365 Films
Entry #68
Clockers (1995)
Directed by Spike Lee
One of my
favorite “Fuck Yeah, Spike” moments comes from the Do The Right Thing Criterion
DVD extras Some obnoxious stooge
masquerading as a journalist asks Mr. Lee why he chose not to portray the
rampant crack epidemic that “obviously” would have ravaged the Bed-Stuy
neighborhood from his film. He
answers the question with a question, (and I’m paraphrasing here) “Did you ask
the people who made Working Girl why there is no cocaine in their film?” A critic (I think it was Glenn Kenny’s
review of 25th Hour) once wrote that if Spike Lee ever made a
“perfect” film then it wouldn’t be worth watching. There is a line of reasoning in that assessment that is less
apologizing for Lee’s frequent indulgences and more asking us to give Mr. Lee
the respect of at least trying to figure out why he makes a particular choice
in his films. In my opinion, he
deserves that at least. This is
the thought that buzzed through my mind as I was re-watching Clockers, his 1995 adaptation of the
Richard Price novel. I vividly remember
seeing this in the theaters when I was eleven but the only characteristic that
lodged in my mind was the murder-mystery-police procedural aspect of it. What I had clearly forgotten was what a
great hang out movie Spike Lee had concocted. I’m not sure of the exact definition of a hang out movie but
to my mind, it best describes a piece where the pleasure of enjoying a group of
people sitting around and shooting the shit is worth the price of admission
alone. I don’t mean to simplify my
description of Clockers as some sort of light hearted romp, the film has plenty
of grim observations on its mind, but there is a gentle humanity running
through the way Lee and Price depict the ordinary lives of their
characters. Mekhi Phifer’s Strike
for instance is perhaps the only drug dealer in movie history most aptly
described as a distant relative of Charlie Brown. In fact, most of the film’s humor comes from the dismayed
and “good grief” type reactions splashed across Strike’s face as his various
conflicts begin to pile on top of one another. There are few other filmmakers working right now and back
then who would have made such a bold choice with a character who could have
very easily slipped into the void of hackneyed cliché. This is also one of the very few Spike
Lee movies (and nothing against those that practice this particular technique),
where the film does not stop dead in its tracks for a character to deliver a
politically charged soliloquy that sounds like an Op-Ed piece written by Mr.

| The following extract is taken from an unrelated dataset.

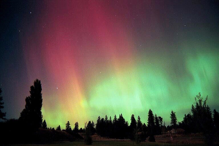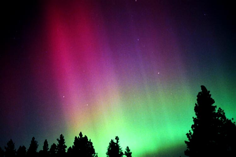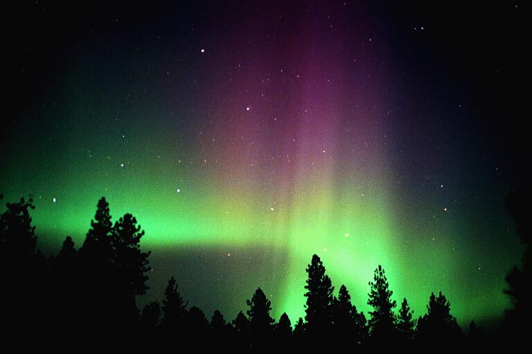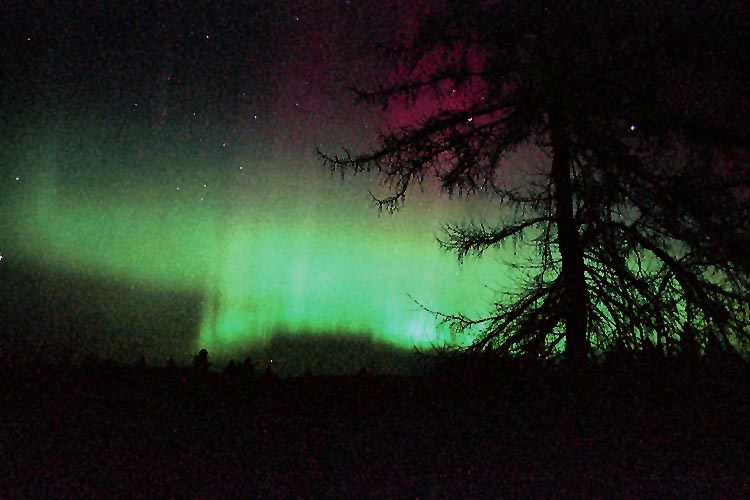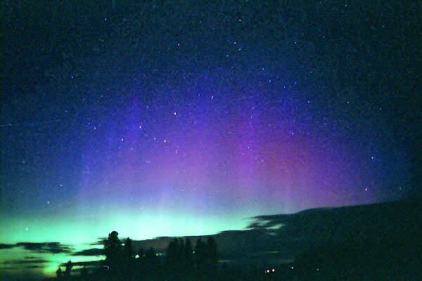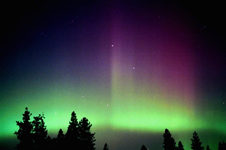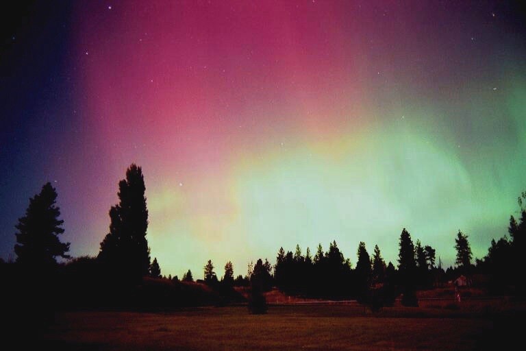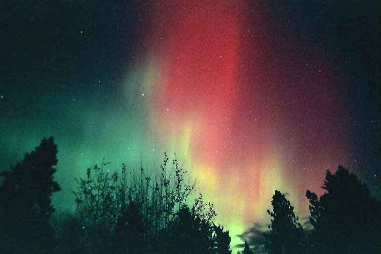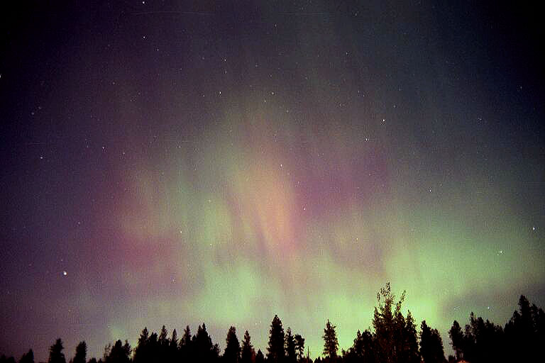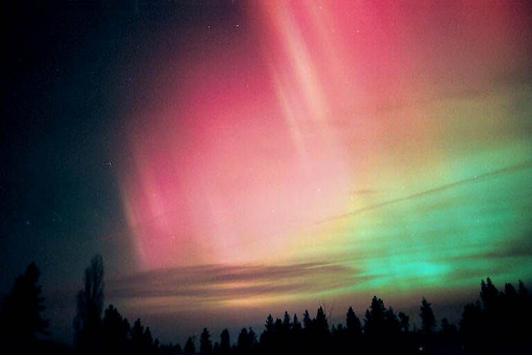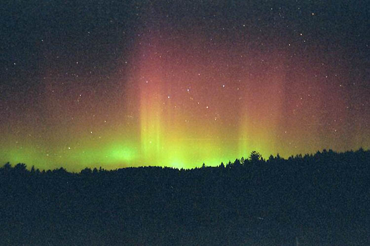 015.-c-tif copy.jpg (39607 bytes)Fantastic colors light up the sky over Peone Prairie near Spokane on Oct 4th 2000. The energy released by this geomagnetic storm in an hour could have could have supplied all of North America for about two days.

Lee. Like his best films, the
critiques on the prejudices and horrifying institutional indifference of this
country towards young Black men are told more from an observant point of
view. Strike is definitely the
victim of his circumstances but in a lot of ways he’s also the perpetrator. His anguished pleas for “Mommy” at the
end of the film when he gets the beat down that had been promised to him since
the very beginning are at once pathetic and subtly moving. Lee has always been fascinated by the
way people operate within and without their particular ancestral groups, and
there isn’t a city on this planet where this happens with more urgency and
velocity than in New York. Yet so often
these portraits are saddled with simplified descriptive terms that reduce them bullet
points through which people may argue their own opinions with Mr. Lee. Clockers is a deeply rich and full
bodied retort to the blatant cynicism on display from the homicide detectives
when handling one of the many corpses that comes across their path. Mr. Lee asks us to look past the flat
chalk outline and see the genuine human being it once was.